SES正社員のまま月収30万円台で頭打ちになっているエンジニアと、フリーランスで単価80万・手取り50万円超を稼ぐエンジニアが同じスキルで共存しているのが今のIT業界の現実です。その差を生んでいるのが「中抜き率(還元率)」という構造です。
私はSES企業1社目で月収20〜25万円だったのに、会社を変えただけで月収40万円に倍増した経験があります。同じ案件ルート、ほぼ同じスキルでこれだけの差がついた。その後フリーランスとして独立し、単価を50万→72万→93万円(税込月収100万円超)と引き上げ、資産5,000万円を達成しました。

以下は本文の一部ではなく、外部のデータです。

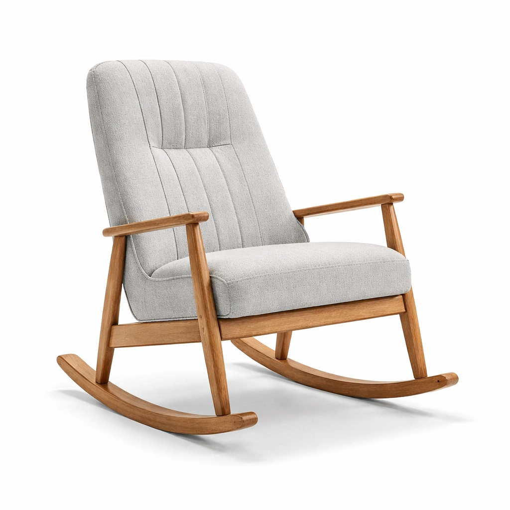 Sedia a dondolo in legno e tessuto grigio
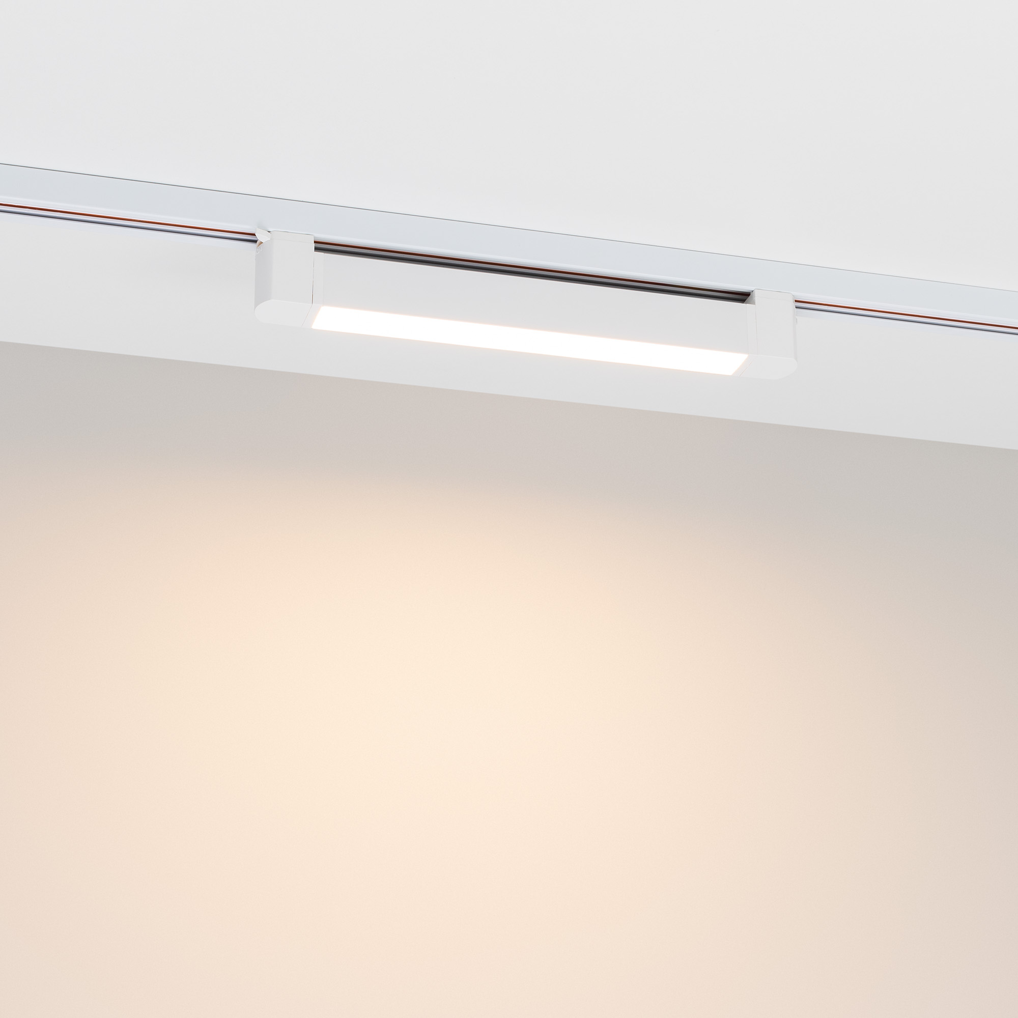 Светильник подвесной для треков/шин 2 провода. Угол поворота светильника 90° (45°+45°). Мощность 10 Вт, св. поток 800 лм, 80 лм/Вт, дневной 4000 K, CRI>90, угол 100°, напряжение питания 230 В. Белый корпус из алюминия, материал рассеивателя PC, степень защиты IP20. Размер: длина 343 мм, ширина 33 мм, высота 50 мм. Монтаж на трек 1-фазный. Драйвер встроенный, пульсация <1%.
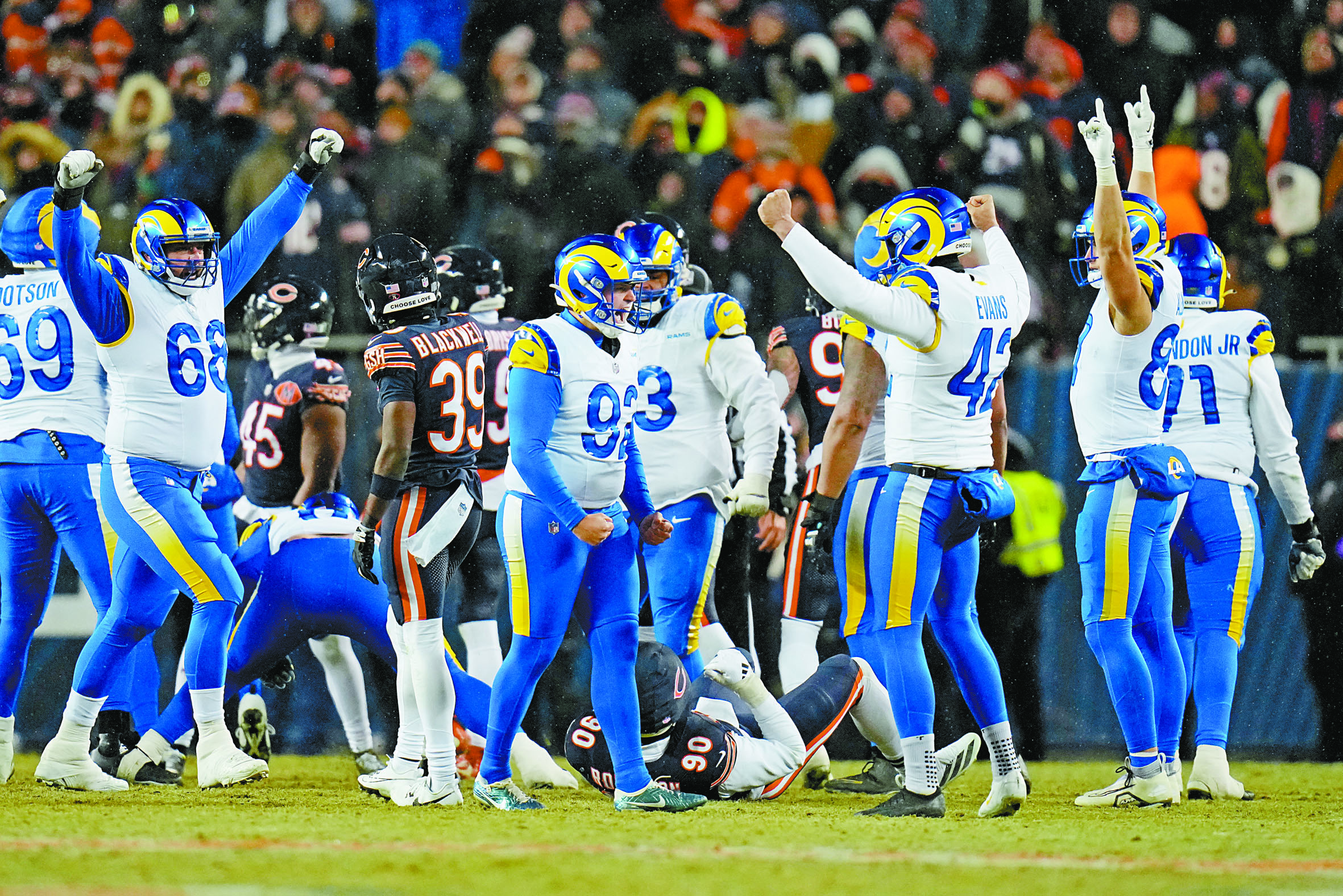 季後賽分區輪兩場焦點對決18日在風雪中軍上演鏖戰:公羊在芝加哥寒夜中與熊隊鏖戰至加時賽,憑一記精準的再見射門生擒對手;新英格蘭愛國者則在濕冷戰場壓制德州人,時隔七年重返美聯冠軍賽。

この記事では、SESとフリーランスの手取りを中抜き率・社会保険・税金まで含めて完全に解体します。
SESとフリーランスの「手取り差」を5分で理解する
SES正社員とフリーランスエンジニアの最大の違いは「単価の何割が自分に届くか」という構造の差です。
SES正社員の場合、エンドクライアントが支払う単価は「元請けSES会社→中間会社→あなた」という商流を通過します。各層がマージンを取るため、エンドが支払う金額の50〜65%程度しか月給として手元に届きません。これを「還元率」と呼びます。
フリーランスの場合、エンドクライアント(またはエージェント1社)から直接単価を受け取ります。エージェントの手数料は単価の10〜20%程度が多く、残りがほぼそのまま売上になります。

単価別・手取り早見表(SES vs フリーランス)
| 月単価 | SES(還元率60%)手取り | SES(還元率65%)手取り | フリーランス手取り(概算) |
|---|---|---|---|
| 40万円 | 約24万円 | 約26万円 | 約27〜29万円 |
| 60万円 | 約33〜36万円 | 約37〜39万円 | 約38〜42万円 |
| 80万円 | 約44〜48万円 | 約50〜52万円 | 約50〜56万円 |
| 100万円 | 約56〜60万円 | 約63〜65万円 | 約62〜68万円 |
※フリーランスの手取りは個人事業主(青色申告65万円控除・国民健康保険・国民年金加入)として試算。マイクロ法人活用でさらに手取りを増やせます。
SESの手取りを決める「中抜き率」の仕組み
SES企業における「還元率」とは、エンドクライアントから受け取る契約単価のうち、エンジニア本人の月給(基本給+諸手当)として還元される割合のことです。
計算式はシンプルです:
月給(額面)= 契約単価 × 還元率
たとえば月単価60万円・還元率60%なら月給額面は36万円。さらに社会保険料(厚生年金・健康保険・雇用保険の自己負担分)と所得税・住民税が引かれ、実質手取りは概算で28〜32万円前後になります。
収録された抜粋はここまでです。